设有 $n$ 个证据源，该方法先将 $n$ 个证据源的 bpa 取平均得到 $m_{avg}$ ，再用 DS 合成公式对 $m_{avg}$ 迭代 $(n - 1)$ 次得到合成后的 bpa。令 $f_{DS}(S_1,S_2)$ 表示两个证据源的 DS 合成公式， $m^i$ 表示第 $i$ 次迭代后的 bpa，则 Murphy 合成公式定义如下： $m^1=f_{DS}(m_{avg},m_{avg})$ $m^i=f_{DS}(m^{i-1},m_{avg}),\quad i \geq2$

Example

$\begin{aligned} &\Omega=\{A,B,C\} \\ &m_1:m_1(\{A\})=0.5,& m_1(\{B,C\})=0.5, \\ &m_2:m_2(\{C\})=0.5,& m_2(\{A,B\})=0.5 \\ \end{aligned}$ $m_{avg}(\{A\})=m_{avg}(\{C\})=m_{avg}(\{A,B\})=m_{avg}(\{B,C\})=0.25$
$\begin{aligned} k&=m_{avg}(\{A\})m_{avg}(\{C\})+m_{avg}(\{A\})m_{avg}(\{B,C\})+m_{avg}(\{C\})m_{avg}(\{A\})+m_{avg}(\{C\})m_{avg}(\{A,B\})+m_{avg}(\{A,B\})m_{avg}(\{C\})+m_{avg}(\{B,C\})m_{avg}(\{A\}) \\ &=0.25\times0.25\times6 \\ &=0.375 \\ m(\{A\})&=\frac{m_{avg}(\{A\})m_{avg}(\{A\})+m_{avg}(\{A\})m_{avg}(\{A,B\})+m_{avg}(\{A,B\})m_{avg}(\{A\})}{1-k} \\ &=\frac{0.25\times0.25\times3}{1-0.375} \\ &=0.3 \\ m(\{B\})&=\frac{m_{avg}(\{A,B\})m_{avg}(\{B,C\})+m_{avg}(\{B,C\})m_{avg}(\{A,B\})}{1-k} \\ &=\frac{0.25\times0.25\times2}{1-0.375} \\ &=0.2 \\ m(\{C\})&=\frac{m_{avg}(\{C\})m_{avg}(\{C\})+m_{avg}(\{C\})m_{avg}(\{B,C\})+m_{avg}(\{B,C\})m_{avg}(\{C\})}{1-k} \\ &=\frac{0.25\times0.25\times3}{1-0.375} \\ &=0.3 \\ m(\{A,B\})&=\frac{m_{avg}(\{A,B\})m_{avg}(\{A,B\})}{1-k} \\ &=\frac{0.25\times0.25}{1-0.375} \\ &=0.1 \\ m(\{B,C\})&=\frac{m_{avg}(\{B,C\})m_{avg}(\{B,C\})}{1-k} \\ &=\frac{0.25\times0.25}{1-0.375} \\ &=0.1 \\ \end{aligned}$

参考文献

[1] 孙全, 叶秀清, 顾伟康. 一种新的基于证据理论的合成公式[J]. 电子学报, 2000, 28(8):117-119.
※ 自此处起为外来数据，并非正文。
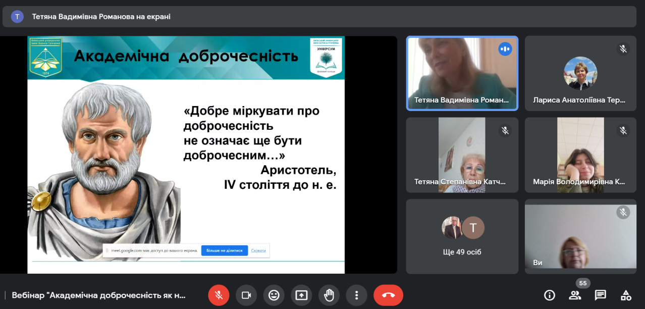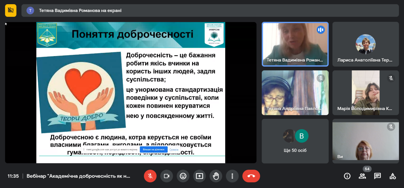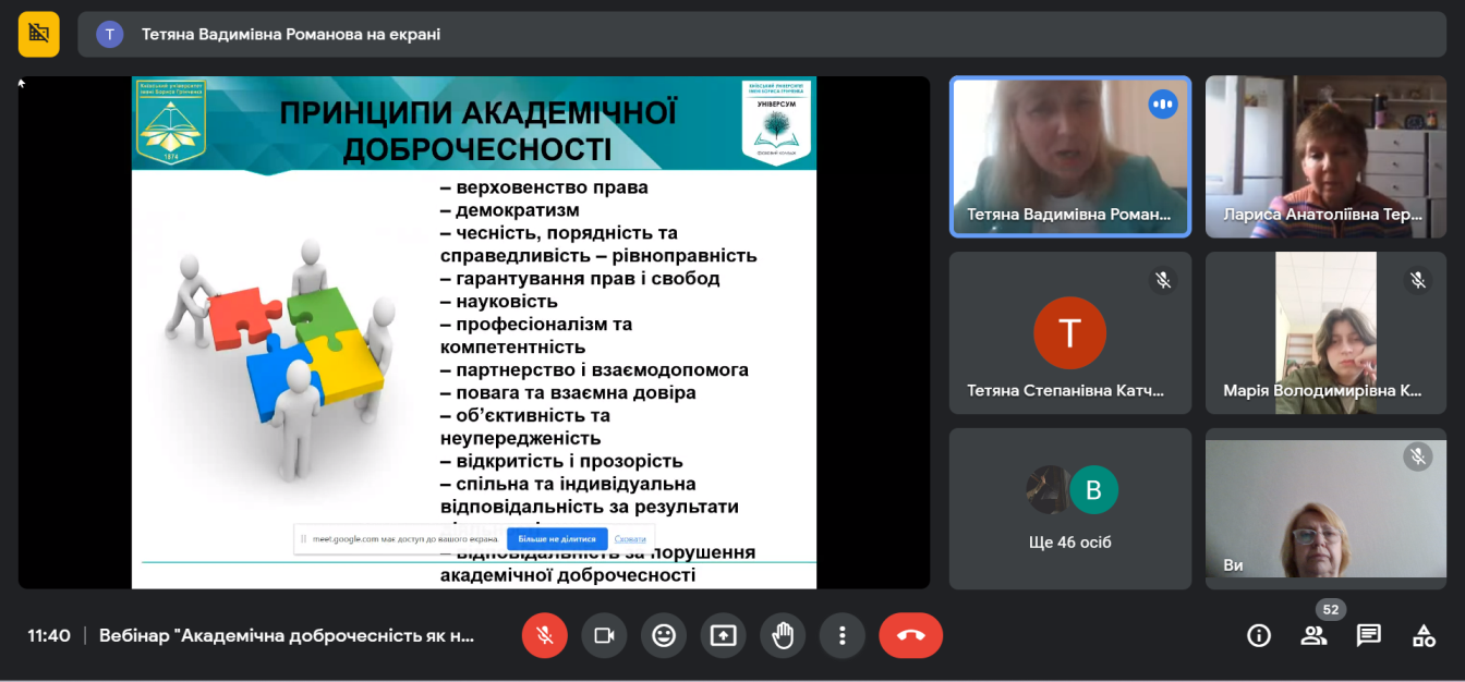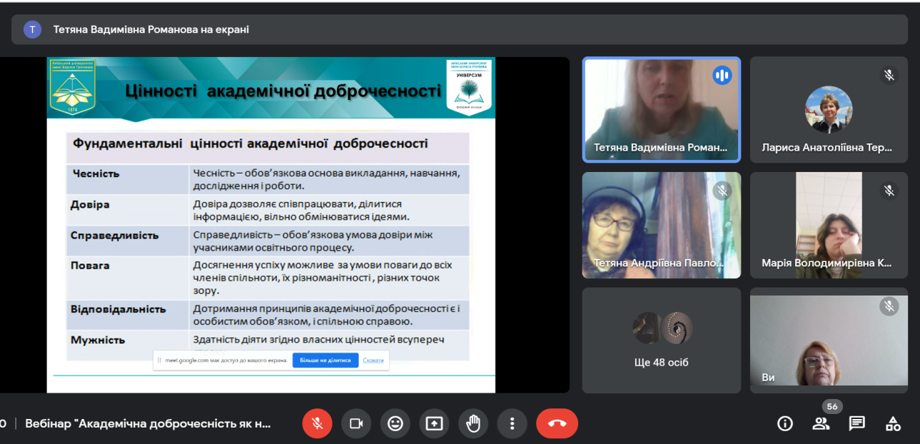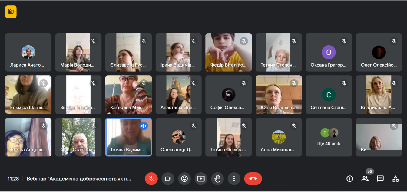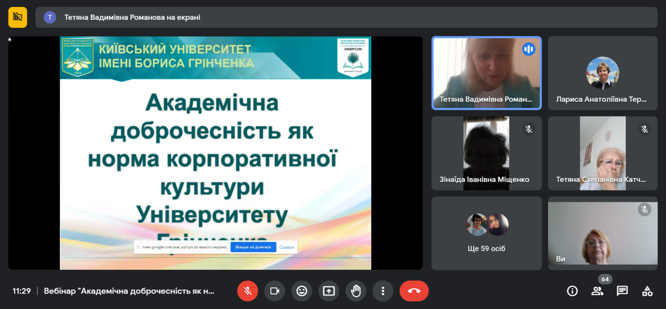 17.05.2023 року в рамках Фестивалю науки для викладачів циклової комісії музики і хореографії та студентів спеціальності "Музичне мистецтво" і "Хореографія" було проведено вебінар "Академічна доброчесність як норма корпоративної культури Університету Грінченка". Мета заходу полягала в розкритті змісту та ролі академічної доброчесності як важливого компонента корпоративної культури Університету, визначенні важливості дотримання фундаментальних принципів академічної доброчесності в освітньому процесі.

[2] Lefevre E , Colot O , Vannoorenberghe P . Belief function combination and conflict management[J]. Information Fusion, 2002, 3(2):149-162.

[3] Murphy C K . Combining belief functions when evidence conflicts[J]. Decision Support Systems, 2000.